-
Notifications
You must be signed in to change notification settings - Fork 66
Closed
Description
A SIGFPE
crashed an ML job in 6.8.1. This is the failure message:
Fatal error: 'si_signo 8, si_code: 1, si_errno: 0, address: 0x7f64eccb39b1, library: /usr/share/elasticsearch/modules/x-pack-ml/platform/linux-x86_64/bin/../lib/libMlMaths.so, base: 0x7f64ec95c000, normalized address: 0x3579b1', version: 6.8.1 (build 6e3432237cefa4)
It looks like the function where the SIGFPE
occurred was ml::maths::CTimeSeriesDecompositionDetail::CComponents::CSeasonal::propagateForwards(long, long)
:
$ objdump -T libMlMaths.so | grep '^00000000003579' | sort
0000000000357930 g DF .text 000000000000016e Base _ZN2ml5maths30CTimeSeriesDecompositionDetail11CComponents9CSeasonal17propagateForwardsEll
$ c++filt _ZN2ml5maths30CTimeSeriesDecompositionDetail11CComponents9CSeasonal17propagateForwardsEll
ml::maths::CTimeSeriesDecompositionDetail::CComponents::CSeasonal::propagateForwards(long, long)
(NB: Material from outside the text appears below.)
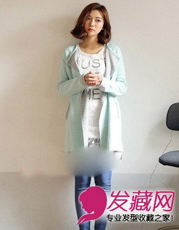 棕色的斜分短卷发,俏丽清纯,搭配浅色的长款针织外套,清爽宜人,春天气息浓厚。

The relevant code looks like this in 6.8.1:
void CTimeSeriesDecompositionDetail::CComponents::CSeasonal::propagateForwards(core_t::TTime start,
core_t::TTime end) {
for (std::size_t i = 0u; i < m_Components.size(); ++i) {
core_t::TTime period{m_Components[i].time().period()};
core_t::TTime a{CIntegerTools::floor(start, period)};
core_t::TTime b{CIntegerTools::floor(end, period)};
if (b > a) {
double time{static_cast<double>(b - a) /
static_cast<double>(CTools::truncate(period, DAY, WEEK))};
m_Components[i].propagateForwardsByTime(time);
m_PredictionErrors[i].age(std::exp(-m_Components[i].decayRate() * time));
}
}
}
It's still the same in latest 6.8. It was refactored in version 7.3.0 in #496. We should probably backport a bare minimum change to 6.8 that at least logs an error instead of crashing with a SIGFPE.